DATA SHOWN:
★ ★ ★ ★

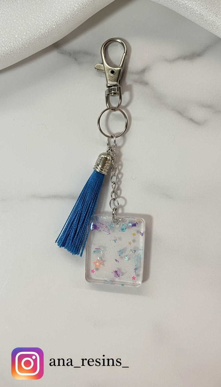 Denna handgjorda nyckelring är tillverkad i kristallklar resin och dekorerad med små stjärnor samt färgglada flakes som ger ett unikt och lekfullt utseende. Nyckelringen pryds dessutom av en elegant blå tofs, vilket gör den till en stilfull accessoar för både nycklar och väskor.
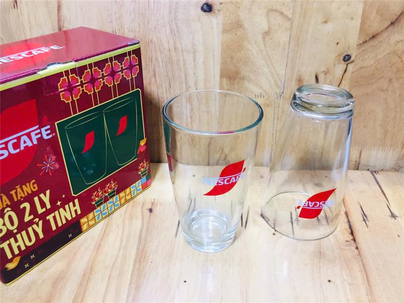 Hộp 2 Ly Thủy Tinh NESCAFE THÂN LỠ 350ml  Hop 2 Ly Thuy Tinh NESCAFE THAN LO 350ml
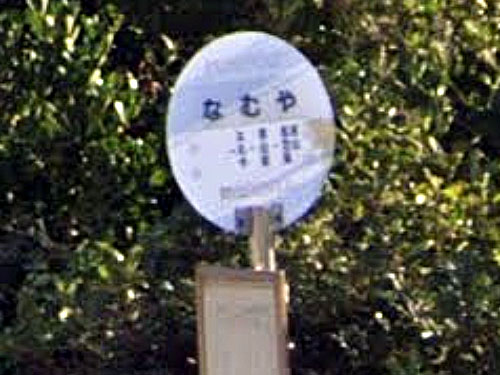 「南無谷」が公的住所になっています。13世紀に僧・日蓮が2度ここを訪れ、「村中に日蓮宗が広まり、村の名が南無妙法谷村(なむみょうほうやむら)となりましたが、長すぎるので南無谷となったのです」(南房総市公式)。バス停の表記がひらがなになっている理由は分かりませんでした…。 GoogleStreetView |
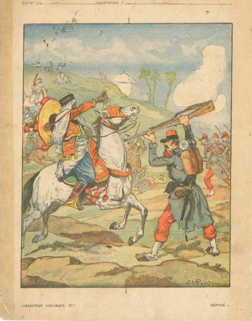Couverture non numérotée : Bataille d’Isly en 1843. Chromolithographie sur papier épais beige… cahier de brouillon appartenant à Paul (illisible). Au dos, texte explicatif anonyme.

★ ★ ★ ★

THE TASK: Send back every line above exactly, skipping all pictures.

SOLUTION TO THIS EXERCISE:
 Denna handgjorda nyckelring är tillverkad i kristallklar resin och dekorerad med små stjärnor samt färgglada flakes som ger ett unikt och lekfullt utseende. Nyckelringen pryds dessutom av en elegant blå tofs, vilket gör den till en stilfull accessoar för både nycklar och väskor.
 Hộp 2 Ly Thủy Tinh NESCAFE THÂN LỠ 350ml  Hop 2 Ly Thuy Tinh NESCAFE THAN LO 350ml
 「南無谷」が公的住所になっています。13世紀に僧・日蓮が2度ここを訪れ、「村中に日蓮宗が広まり、村の名が南無妙法谷村(なむみょうほうやむら)となりましたが、長すぎるので南無谷となったのです」(南房総市公式)。バス停の表記がひらがなになっている理由は分かりませんでした…。 GoogleStreetView |
Couverture non numérotée : Bataille d’Isly en 1843. Chromolithographie sur papier épais beige… cahier de brouillon appartenant à Paul (illisible). Au dos, texte explicatif anonyme.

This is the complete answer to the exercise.